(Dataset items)
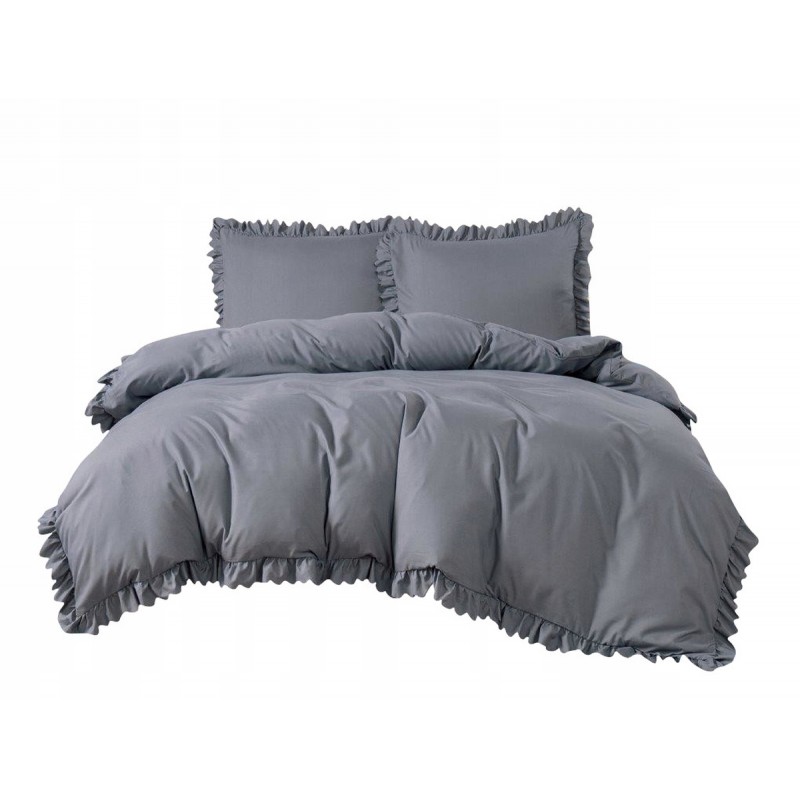 3dílný komplet ložního povlečení s volány, tmavě šedá barva, 200x220 cm
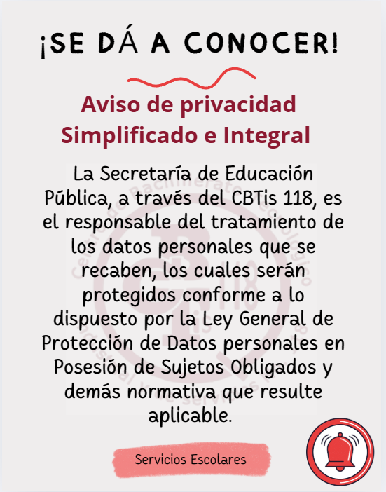 La Secretaría de Educación Pública, a través del Centro de Bachillerato, Tecnológico, industrial y de servicios no. 118, adscrito a la Dirección General de Educación Tecnológica industrial y de servicios (DGETI), con domicilio en Paseo Constituyentes Poniente S/N, Colonia Corregidora, c.p. 76900. Corregidora, Qro. , es el responsable del tratamiento de los datos personales que se recaben, los cuales serán protegidos conforme a lo dispuesto por la Ley General de Protección de Datos Personales en Posesión de Sujetos Obligados (LGPDPPSO) y demás normatividad que resulte aplicable.
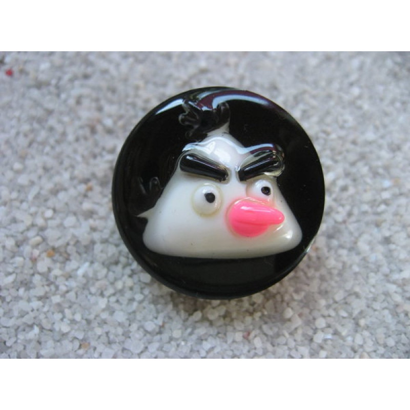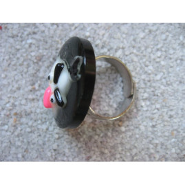 BAGUE Kawaii piaf blanc sur fond noir en résine
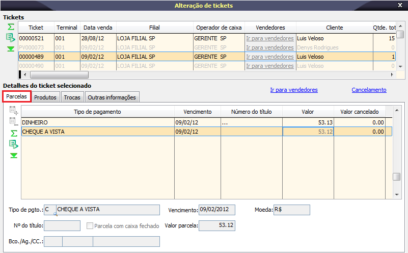 Será aberta a tela Alteração de Tickets. Selecione a venda a ser alterada para que as informações correspondentes a ela sejam exibidas na guia Parcelas em Detalhes do ticket selecionado.
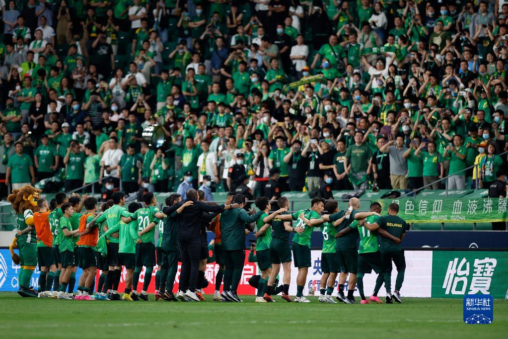 5月23日,北京国安队成员赛后向球迷致意。新华社记者 王丽莉 摄
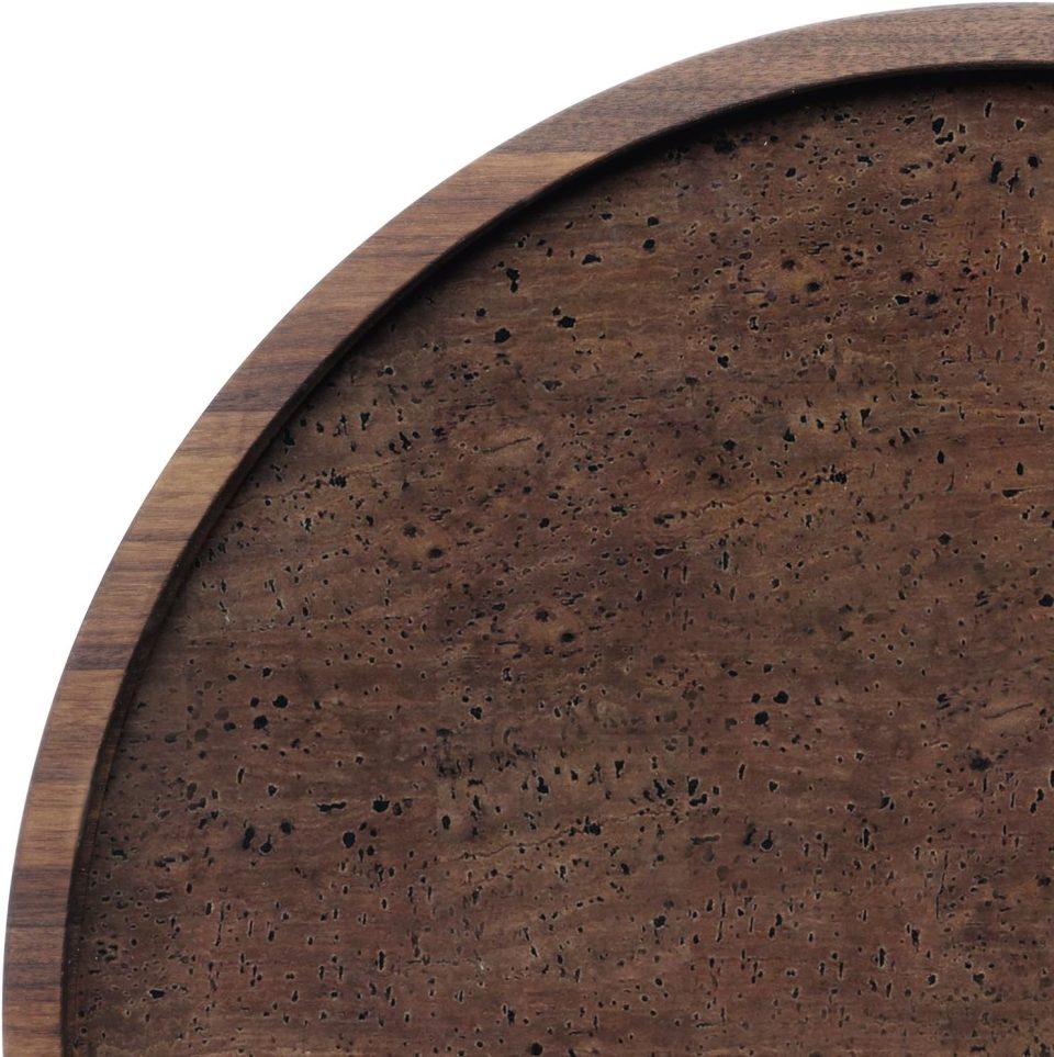 A modern LSA International tray, featuring a practical cork inlay, the solid walnut tray and the handles are cut out under the tray for a smart finish
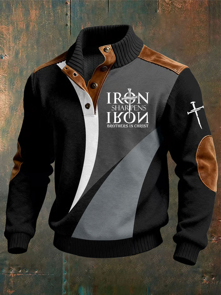 Men's Vintage Faith Cross Print Casual Button-Up Sweatshirt
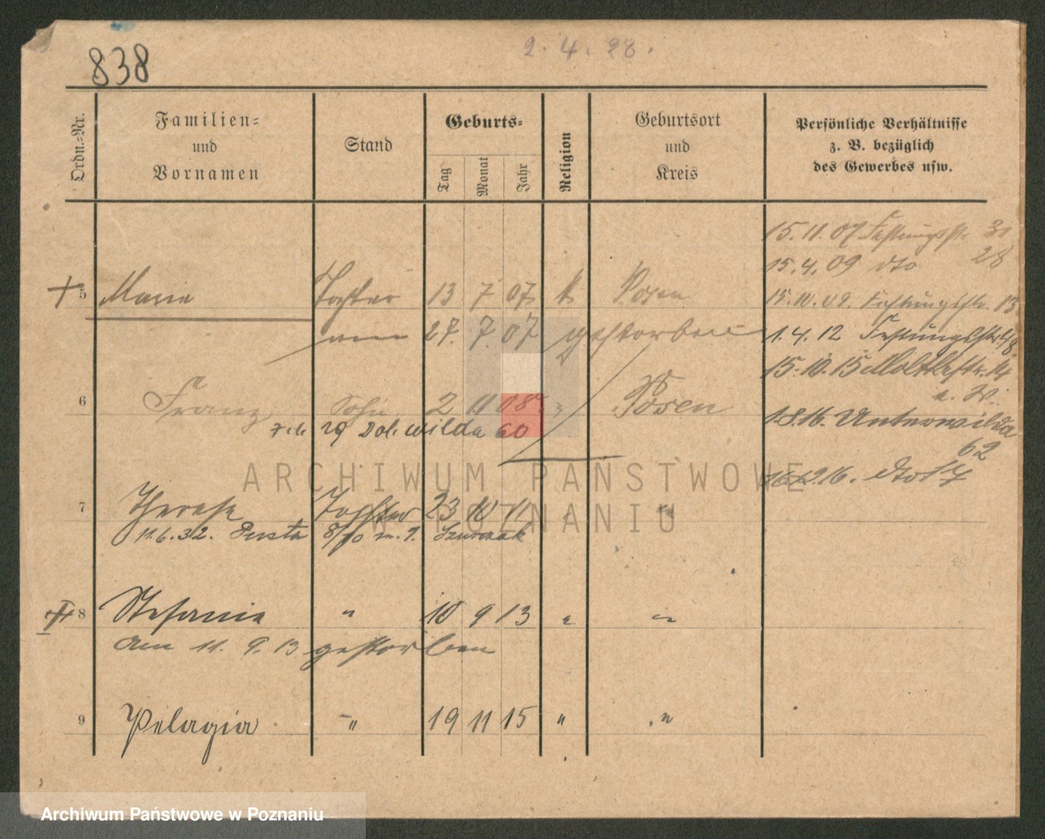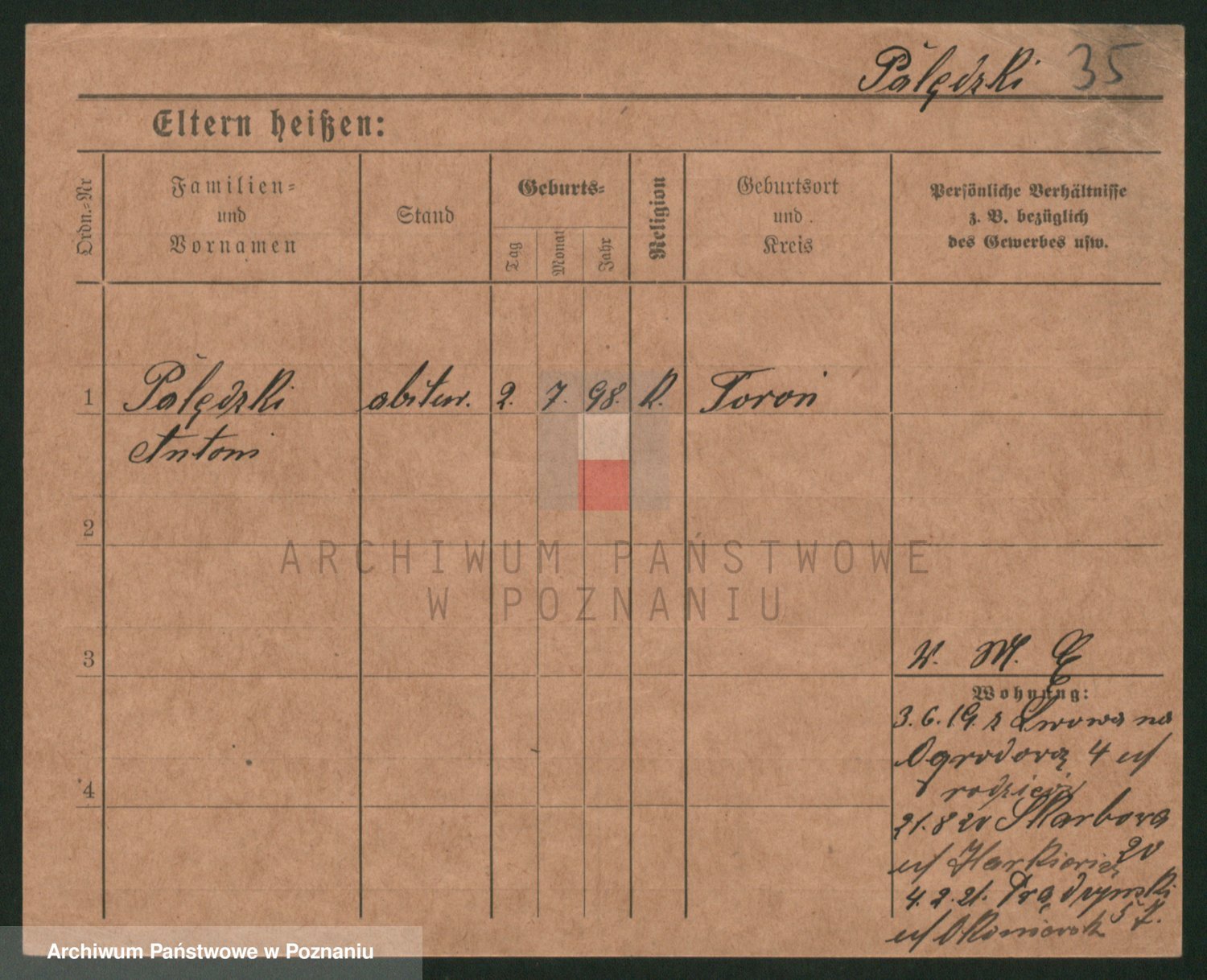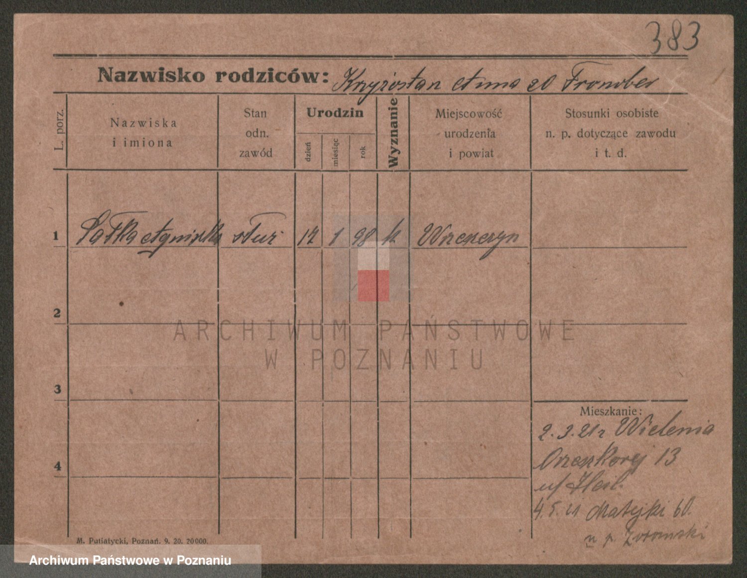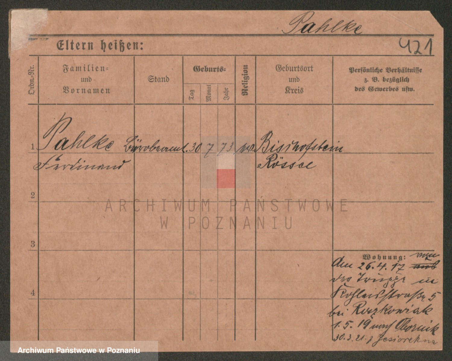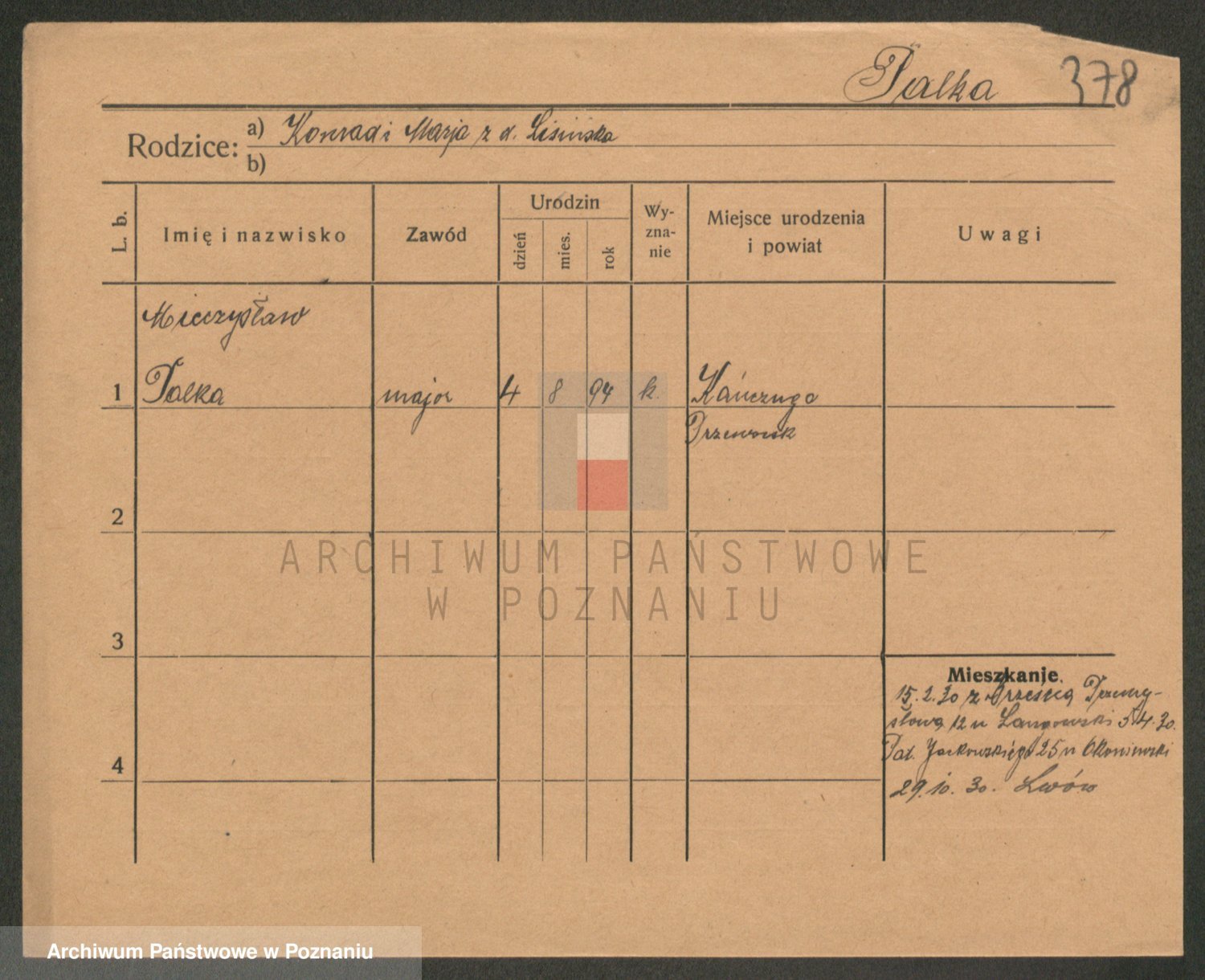 Podgląd karty osobowej dostępny jest po kliknięciu na nazwisko lub ikonkę karty. Można dokonywać powiększenia (ikony na górze) lub przechodzić między kolejnymi skanami (strzałki po bokach).

#### WHAT IS NEEDED
Pictures do not belong in your copy; restate word for word the lines from the one containing "BAGUE Kawaii piaf" through the last line of the records above.

#### TASK RESULT
 BAGUE Kawaii piaf blanc sur fond noir en résine
 Será aberta a tela Alteração de Tickets. Selecione a venda a ser alterada para que as informações correspondentes a ela sejam exibidas na guia Parcelas em Detalhes do ticket selecionado.
 5月23日,北京国安队成员赛后向球迷致意。新华社记者 王丽莉 摄
 A modern LSA International tray, featuring a practical cork inlay, the solid walnut tray and the handles are cut out under the tray for a smart finish
 Men's Vintage Faith Cross Print Casual Button-Up Sweatshirt
 Podgląd karty osobowej dostępny jest po kliknięciu na nazwisko lub ikonkę karty. Można dokonywać powiększenia (ikony na górze) lub przechodzić między kolejnymi skanami (strzałki po bokach).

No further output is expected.